GIVEN DATA —

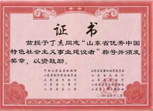 · 2007年12月,丁杰董事長(zhǎng)榮獲“山東省優(yōu)秀中國(guó)特色社會(huì)主義事業(yè)建設(shè)者”榮譽(yù)稱號(hào)
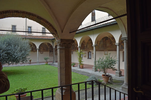Torniamo in chiesa, riattraversando il bel chiostro: lungo la parete laterale a destra un’opera di Botticelli.
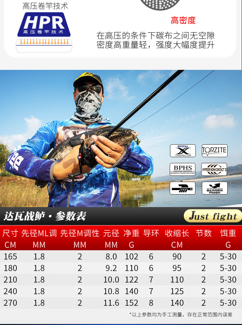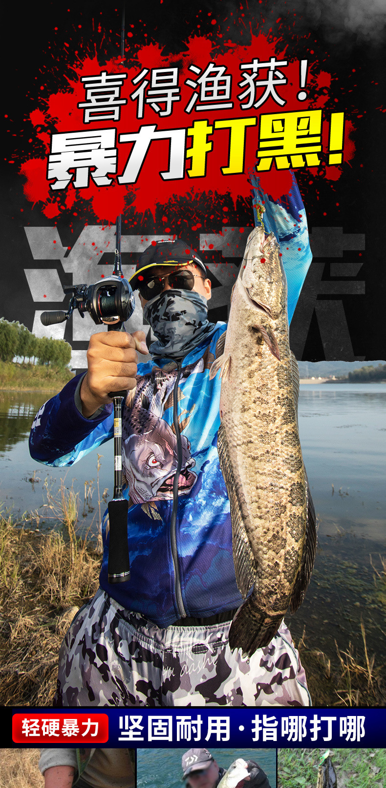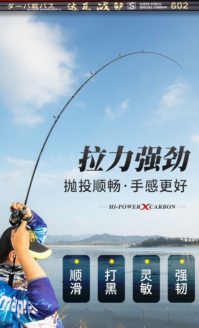 达瓦战鲈热销经典款路亚竿,采用8层碳布缠绕X型工艺制作,使竿身均衡更强韧,适用于鲈鱼、黑鱼、翘嘴、罗飞、鲅鱼、军鱼、鱤鱼、桂鱼等多种攻击性比较强的鱼类,适用各种水域。
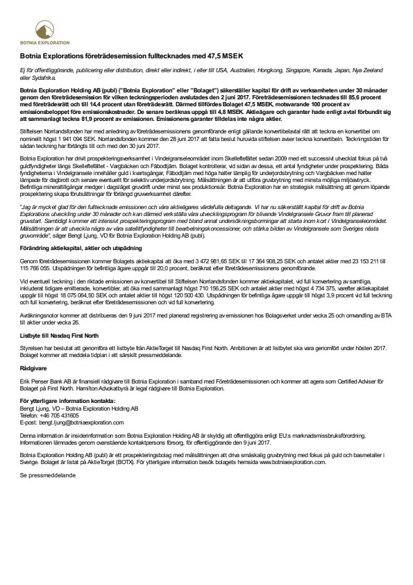 Botnia Exploration Holding AB (publ) (”Botnia Exploration” eller ”Bolaget”) säkerställer kapital för drift av verksamheten under 30 månader genom den företrädesemission för vilken teckningsperioden avslutades den 2 juni 2017. Företrädesemissionen tecknades till 85,6 procent med företrädesrätt och till 14,4 procent utan företrädesrätt. Därmed tillfördes Bolaget 47,5 MSEK, motsvarande 100 procent av emissionsbeloppet före emissionskostnader. De senare beräknas uppgå till 4,8 MSEK. Aktieägare och garanter hade enligt avtal förbundit sig att sammanlagt teckna 81,9 procent av emissionen. Emissionens garanter tilldelas inte några aktier.
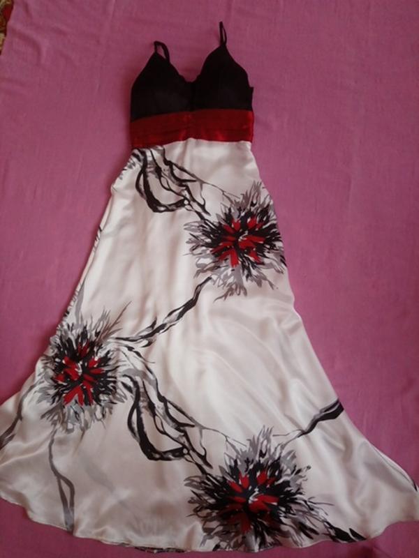 очень красивое атласное платье, в лифе есть чашка которая хорошо держит грудь. сзади на юбке специальная веточка, что-то типа хвоста, очень красиво играет при ходьбе.Длинна 125 см, это без брителей , Брители регулируются. ПО талии 34 см. Одето один раз, покупалась за 1800 грн Состояние новой вещи.
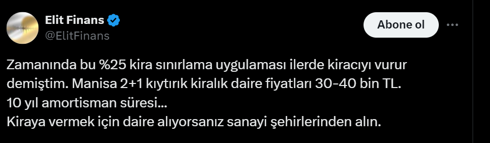 Finans piyasaları, teknik ve temel analiz stratejisti Elit Finans, X sosyal medya hesabından yaptığı paylaşımda, yüzde 25 kira sınırlamasının ileride kiracıları olumsuz etkileyeceğini belirtti. Paylaşımında, “Manisa’da 2+1 kıytırık daire fiyatları 30-40 bin TL. 10 yıl amortisman süresi… Kiraya vermek için daire alıyorsanız sanayi şehirlerinden alın.” ifadelerini kullandı.Paylaşım ve Gelen Yorumlar
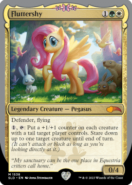 Fluttershy’s silver-bordered mechanic cares about the artwork of the MTG card. You could go the extra mile and attach literal tails to your cards, but Fluttershy’s ability likely refers to the card having a tail in the artwork. Stare down is a cute flavor term for something that can easily be translated into MTG rules terms.
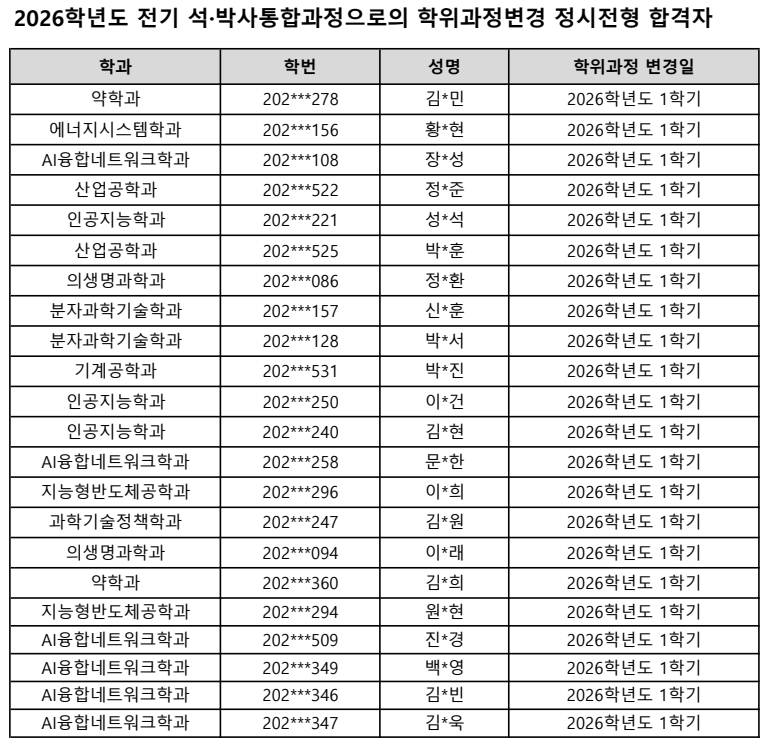 2026학년도 전기 석박사통합과정으로의 학위과정 변경 모집 (정시)전형 합격자 공지
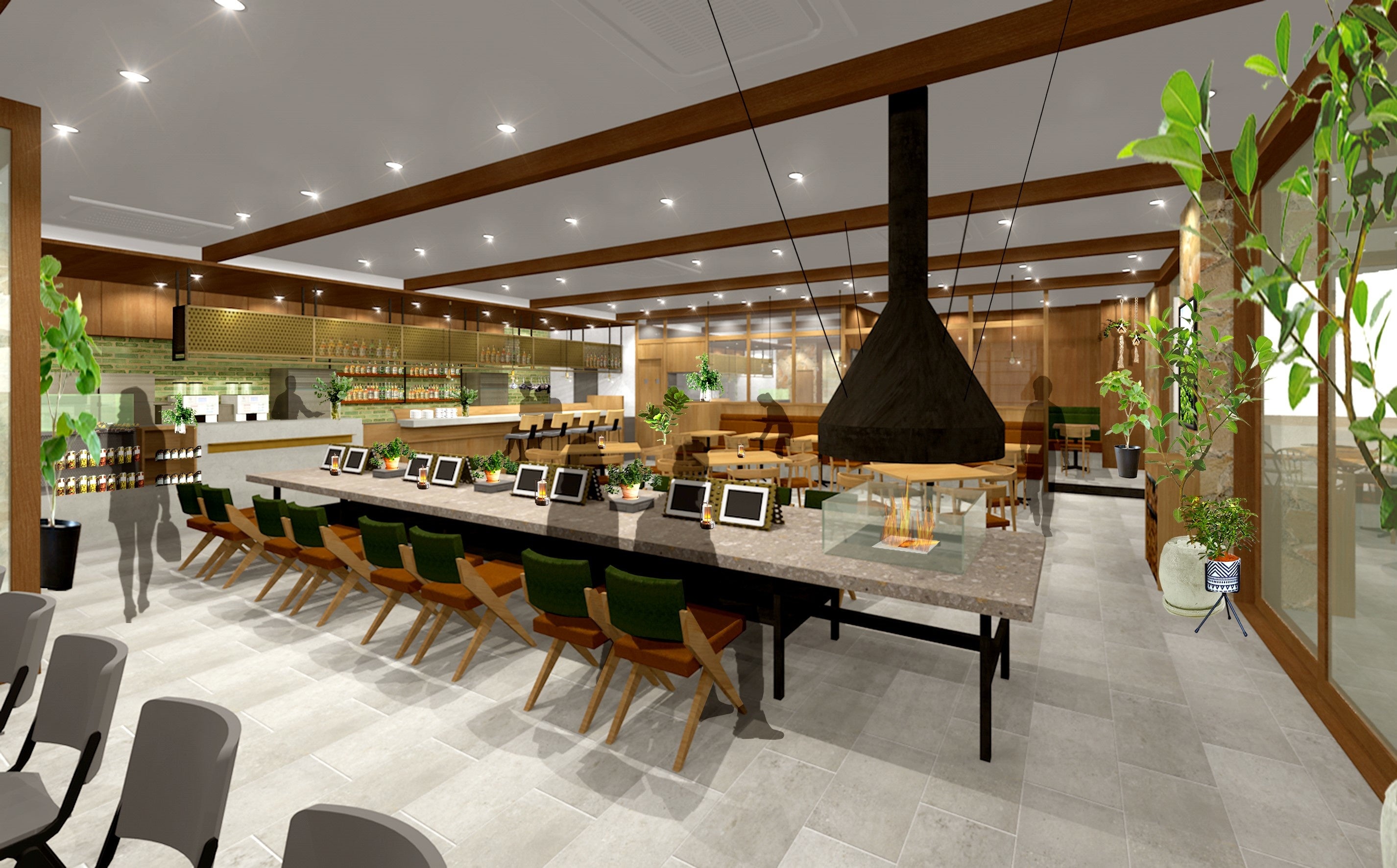 昭島で暮らす人、働く人、訪れる人に向けて、多摩エリアの魅力を発信し、長く親しまれるような素材を活かした質感で構成された店内には、暖炉を囲む席を含め60席用意し、テラス席には58席用意しています。またテラス席にはペット用のリードフックも設け、お散歩中でも気軽にお立寄りいただけます。

WHAT YOU ARE ASKED TO DO — Print every record exactly, without the pictures.

REPLY —
 · 2007年12月,丁杰董事長(zhǎng)榮獲“山東省優(yōu)秀中國(guó)特色社會(huì)主義事業(yè)建設(shè)者”榮譽(yù)稱號(hào)
Torniamo in chiesa, riattraversando il bel chiostro: lungo la parete laterale a destra un’opera di Botticelli.
 达瓦战鲈热销经典款路亚竿,采用8层碳布缠绕X型工艺制作,使竿身均衡更强韧,适用于鲈鱼、黑鱼、翘嘴、罗飞、鲅鱼、军鱼、鱤鱼、桂鱼等多种攻击性比较强的鱼类,适用各种水域。
 Botnia Exploration Holding AB (publ) (”Botnia Exploration” eller ”Bolaget”) säkerställer kapital för drift av verksamheten under 30 månader genom den företrädesemission för vilken teckningsperioden avslutades den 2 juni 2017. Företrädesemissionen tecknades till 85,6 procent med företrädesrätt och till 14,4 procent utan företrädesrätt. Därmed tillfördes Bolaget 47,5 MSEK, motsvarande 100 procent av emissionsbeloppet före emissionskostnader. De senare beräknas uppgå till 4,8 MSEK. Aktieägare och garanter hade enligt avtal förbundit sig att sammanlagt teckna 81,9 procent av emissionen. Emissionens garanter tilldelas inte några aktier.
 очень красивое атласное платье, в лифе есть чашка которая хорошо держит грудь. сзади на юбке специальная веточка, что-то типа хвоста, очень красиво играет при ходьбе.Длинна 125 см, это без брителей , Брители регулируются. ПО талии 34 см. Одето один раз, покупалась за 1800 грн Состояние новой вещи.
 Finans piyasaları, teknik ve temel analiz stratejisti Elit Finans, X sosyal medya hesabından yaptığı paylaşımda, yüzde 25 kira sınırlamasının ileride kiracıları olumsuz etkileyeceğini belirtti. Paylaşımında, “Manisa’da 2+1 kıytırık daire fiyatları 30-40 bin TL. 10 yıl amortisman süresi… Kiraya vermek için daire alıyorsanız sanayi şehirlerinden alın.” ifadelerini kullandı.Paylaşım ve Gelen Yorumlar
 Fluttershy’s silver-bordered mechanic cares about the artwork of the MTG card. You could go the extra mile and attach literal tails to your cards, but Fluttershy’s ability likely refers to the card having a tail in the artwork. Stare down is a cute flavor term for something that can easily be translated into MTG rules terms.
 2026학년도 전기 석박사통합과정으로의 학위과정 변경 모집 (정시)전형 합격자 공지
 昭島で暮らす人、働く人、訪れる人に向けて、多摩エリアの魅力を発信し、長く親しまれるような素材を活かした質感で構成された店内には、暖炉を囲む席を含め60席用意し、テラス席には58席用意しています。またテラス席にはペット用のリードフックも設け、お散歩中でも気軽にお立寄りいただけます。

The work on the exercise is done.